There are many publicly available pre-trained models. But some of them have license restricted to non-commercial academic research only (e.g., models by Oxford VGG group). It is incompatible with the challenge rules. That is why I decided to take open GoogLeNet model pre-trained by Sergio Guadarrama from BVLC .
One can fine-tune a whole model as is but I tried to modify pre-trained model in such a way, that could improve its performance. Specifically, I considered parametric rectified linear units (PReLUs) proposed by Kaiming He et al. . That is, I replaced all regular ReLUs in the pre-trained model with PReLUs. After fine-tuning the model showed higher accuracy and AUC in comparison with the original ReLUs-based model.

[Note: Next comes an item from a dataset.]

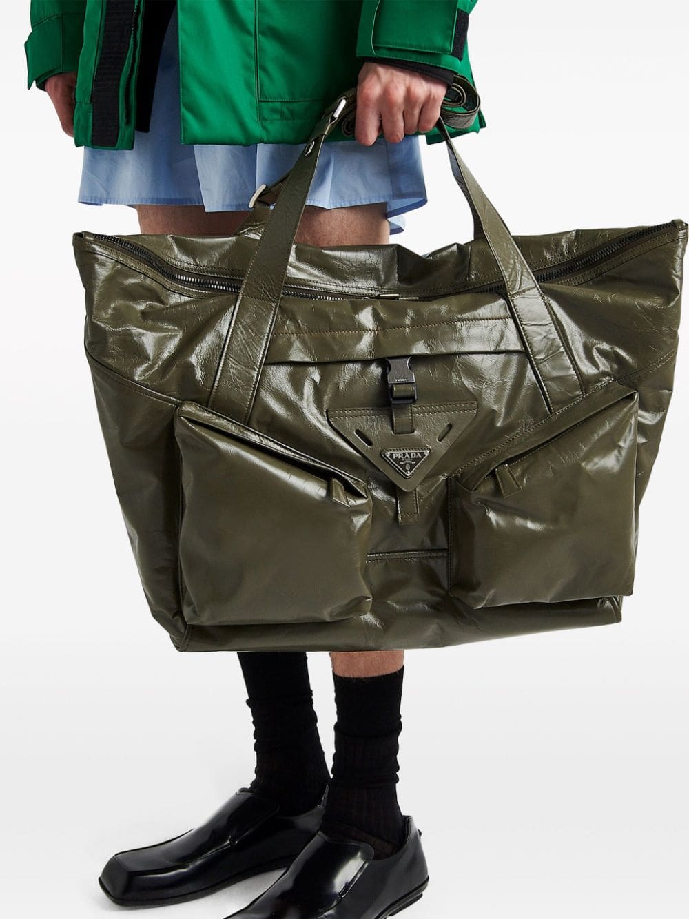 PRADA SHINY LRG SIDE POCKETS TOTE BAG GREEN

In order to evaluate my solution and tune hyperparameters I employed 10-fold cross-validation. Then I checked on the leaderboard which model is better: the one trained on the whole train data with hyperparameters set from cross-validation models or the averaged ensemble of cross- validation models. It turned out the ensemble yields higher AUC. To improve the solution further, I evaluated different sets of hyperparameters and various pre- processing techniques (including multiple image scales and resizing methods). I ended up with three groups of 10-fold cross-validation models.
3rd Place - loweew
Name: Edward W. Lowe
Home base: Boston, MA
Background: As a Chemistry graduate student in 2007, I was drawn to GPU computing by the release of CUDA and its utility in popular molecular dynamics packages. After finishing my Ph.D. in 2008, I did a 2 year postdoctoral fellowship at Vanderbilt University where I implemented the first GPU-accelerated machine learning framework specifically optimized for computer-aided drug design (bcl::ChemInfo) which included deep learning. I was awarded an NSF CyberInfrastructure Fellowship for Transformative Computational Science (CI-TraCS) in 2011 and continued at Vanderbilt as a Research Assistant Professor. I left Vanderbilt in 2014 to join FitNow, Inc in Boston, MA (makers of LoseIt! mobile app) where I direct Data Science and Predictive Modeling efforts. Prior to this competition, I had no experience in anything image related. This was a very fruitful experience for me.
Method overview: Because of the variable positioning of the bees and quality of the photos, I oversampled the training sets using random perturbations of the images. I used ~90/10 split training/ validation sets and only oversampled the training sets. The splits were randomly generated. This was performed 16 times (originally intended to do 20-30, but ran out of time).
I used the pre-trained googlenet model provided by caffe as a starting point and fine-tuned on the data sets. Using the last recorded accuracy for each training run, I took the top 75% of models (12 of 16) by accuracy on the validation set. These models were used to predict on the test set and predictions were averaged with equal weighting.